◆ Records for processing:

• • • • •

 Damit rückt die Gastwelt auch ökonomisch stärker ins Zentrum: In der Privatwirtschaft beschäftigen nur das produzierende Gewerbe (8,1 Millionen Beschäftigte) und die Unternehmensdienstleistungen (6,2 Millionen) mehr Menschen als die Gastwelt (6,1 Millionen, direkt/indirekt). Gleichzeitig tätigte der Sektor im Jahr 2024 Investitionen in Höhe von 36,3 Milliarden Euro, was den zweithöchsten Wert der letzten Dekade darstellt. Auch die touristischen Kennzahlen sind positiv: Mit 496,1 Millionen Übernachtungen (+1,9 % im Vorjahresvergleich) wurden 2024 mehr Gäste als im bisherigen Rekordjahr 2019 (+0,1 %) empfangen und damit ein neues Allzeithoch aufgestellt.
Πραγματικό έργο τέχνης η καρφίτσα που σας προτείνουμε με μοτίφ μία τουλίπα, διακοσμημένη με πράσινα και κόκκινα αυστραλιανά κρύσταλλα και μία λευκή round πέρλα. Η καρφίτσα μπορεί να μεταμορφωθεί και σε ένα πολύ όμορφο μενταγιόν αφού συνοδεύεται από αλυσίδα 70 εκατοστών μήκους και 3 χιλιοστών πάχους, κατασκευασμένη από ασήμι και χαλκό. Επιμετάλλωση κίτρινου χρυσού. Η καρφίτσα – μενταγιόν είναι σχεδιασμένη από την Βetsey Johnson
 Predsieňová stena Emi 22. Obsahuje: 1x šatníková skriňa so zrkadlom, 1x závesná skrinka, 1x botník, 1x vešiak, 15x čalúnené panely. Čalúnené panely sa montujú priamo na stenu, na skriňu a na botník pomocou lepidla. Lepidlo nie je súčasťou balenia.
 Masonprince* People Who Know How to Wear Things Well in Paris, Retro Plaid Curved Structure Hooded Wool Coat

• • • • •

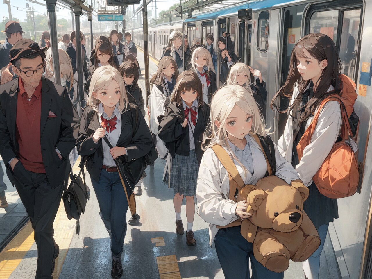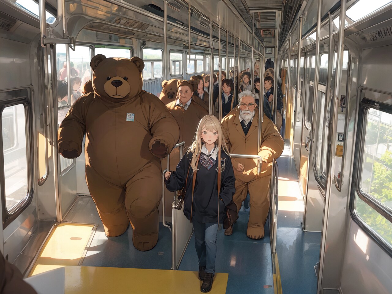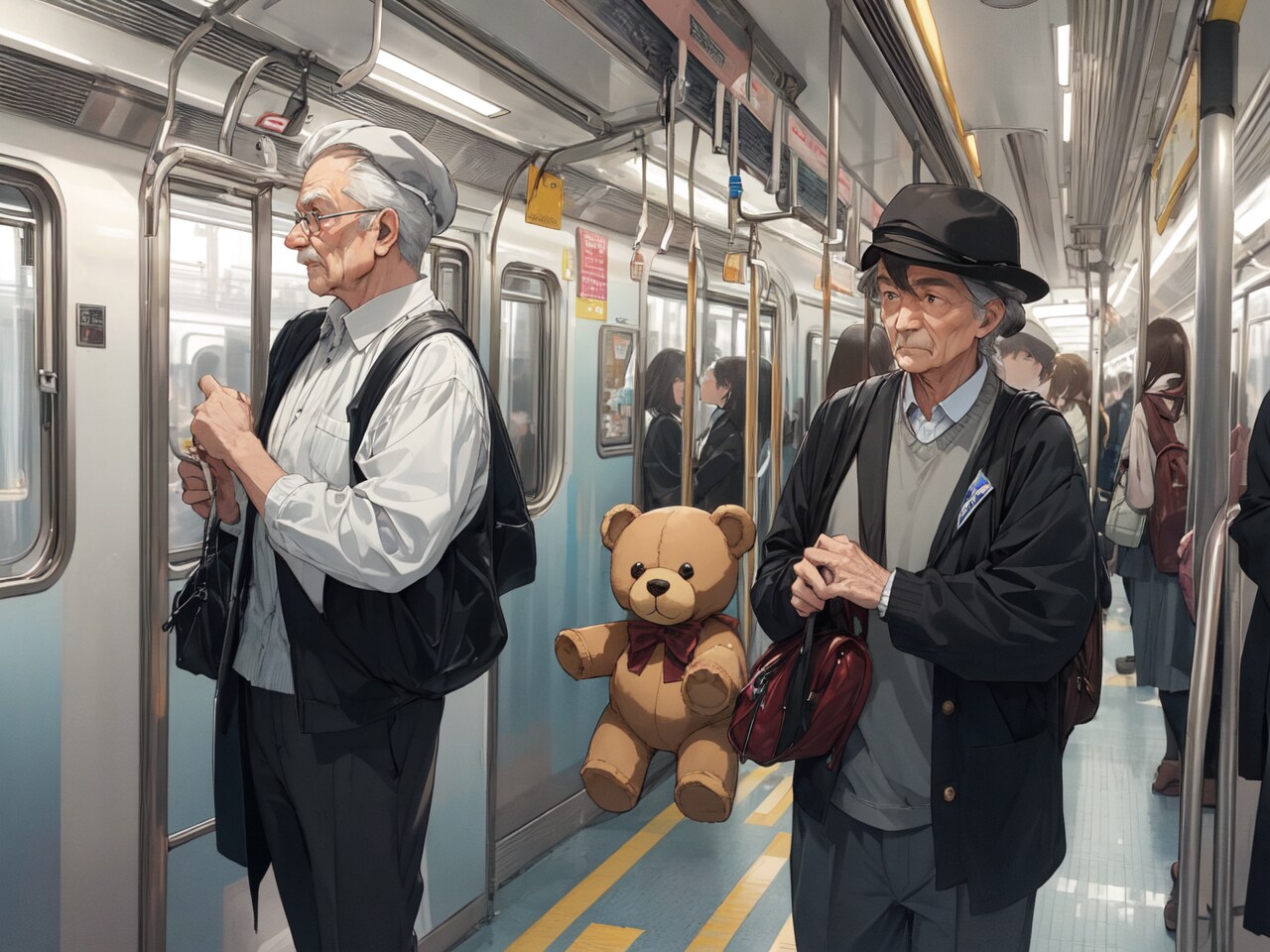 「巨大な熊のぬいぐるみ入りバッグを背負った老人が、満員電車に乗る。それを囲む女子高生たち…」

• • • • •

◆ Task to carry out: Look through the data above and return exactly the lines from the one that contains "Damit rückt die" to the one that contains "Masonprince* People Who", inclusive, with nothing else.

◆ The answer:
 Damit rückt die Gastwelt auch ökonomisch stärker ins Zentrum: In der Privatwirtschaft beschäftigen nur das produzierende Gewerbe (8,1 Millionen Beschäftigte) und die Unternehmensdienstleistungen (6,2 Millionen) mehr Menschen als die Gastwelt (6,1 Millionen, direkt/indirekt). Gleichzeitig tätigte der Sektor im Jahr 2024 Investitionen in Höhe von 36,3 Milliarden Euro, was den zweithöchsten Wert der letzten Dekade darstellt. Auch die touristischen Kennzahlen sind positiv: Mit 496,1 Millionen Übernachtungen (+1,9 % im Vorjahresvergleich) wurden 2024 mehr Gäste als im bisherigen Rekordjahr 2019 (+0,1 %) empfangen und damit ein neues Allzeithoch aufgestellt.
Πραγματικό έργο τέχνης η καρφίτσα που σας προτείνουμε με μοτίφ μία τουλίπα, διακοσμημένη με πράσινα και κόκκινα αυστραλιανά κρύσταλλα και μία λευκή round πέρλα. Η καρφίτσα μπορεί να μεταμορφωθεί και σε ένα πολύ όμορφο μενταγιόν αφού συνοδεύεται από αλυσίδα 70 εκατοστών μήκους και 3 χιλιοστών πάχους, κατασκευασμένη από ασήμι και χαλκό. Επιμετάλλωση κίτρινου χρυσού. Η καρφίτσα – μενταγιόν είναι σχεδιασμένη από την Βetsey Johnson
 Predsieňová stena Emi 22. Obsahuje: 1x šatníková skriňa so zrkadlom, 1x závesná skrinka, 1x botník, 1x vešiak, 15x čalúnené panely. Čalúnené panely sa montujú priamo na stenu, na skriňu a na botník pomocou lepidla. Lepidlo nie je súčasťou balenia.
 Masonprince* People Who Know How to Wear Things Well in Paris, Retro Plaid Curved Structure Hooded Wool Coat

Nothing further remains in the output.